If it seems an abrupt change of pace for publications that revel in revealing star-powered tempestuous trysts, think again.
Editors say they're just trying to protect their exclusive scoops from vulture-like competitors.
"We're sick and tired of the media ripping off our advance stories," Enquirer editor Steve Coz told the Washington Post. "It's absurd. It damages our sales . . . . We're trying to maintain our competitive edge."
Corporate counsel Harvey Blicksilver told E&P that the rip-offs are "especially true with the television celebrity programs, where in some cases, they show photos of our issue which hasn't even hit the stands yet. How they get those has become a source of concern to us."
The agreement, leaked to the Post, reads in part, "During the period of my employment and for 5 years thereafter, I further promise not to write, speak, or give interviews about, either directly or indirectly, on or off the record, my work at the Company . . . for purposes of publication in any media in any way, directly or indirectly, without prior written approval of the Company."
Blicksilver insists that the newspapers are akin to other top-secret operations ? and must command the same level of confidentiality.

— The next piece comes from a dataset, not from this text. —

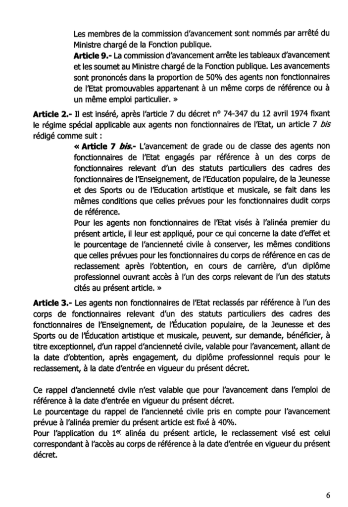 Autre avancée notable : les agents non fonctionnaires référencés aux corps de l’Enseignement bénéficient désormais des mêmes modalités de reclassement et de conditions d’avancement que les fonctionnaires titulaires, sous réserve de l’obtention d’un diplôme professionnel.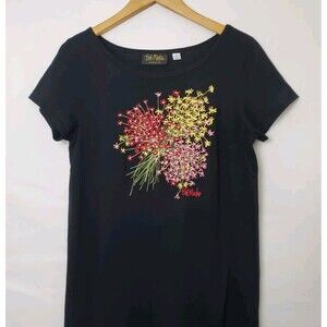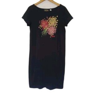 BOB MACKIE WEARABLE ART FLORAL EMBROIDERED SHORT-SLEEVE T-SHIRT DRESS SIZE SMALL

"We're a business like any other ? it's just that simple," he said. "We believe that as a condition of employment, employees not give away our company secrets, or our trade secrets. There's a difference between the celebrities we write about and someone who is employed by the company."
Hinting that the company doesn't want public disclosure of its extensive network of paid sources, Blicksilver added, "There have been people who have written books and have disclosed confidential information about the way a company like ours operates . . . . "
In addition to the Enquirer and Star, American Media owns the Weekly World News, and Soap Opera Digest.
?(The National Enquirer and its sister supermarket tab, the star, furiously dish dirt, but when it comes to the tabloid's own secrets, mum's the word.) [Photo & Catpion]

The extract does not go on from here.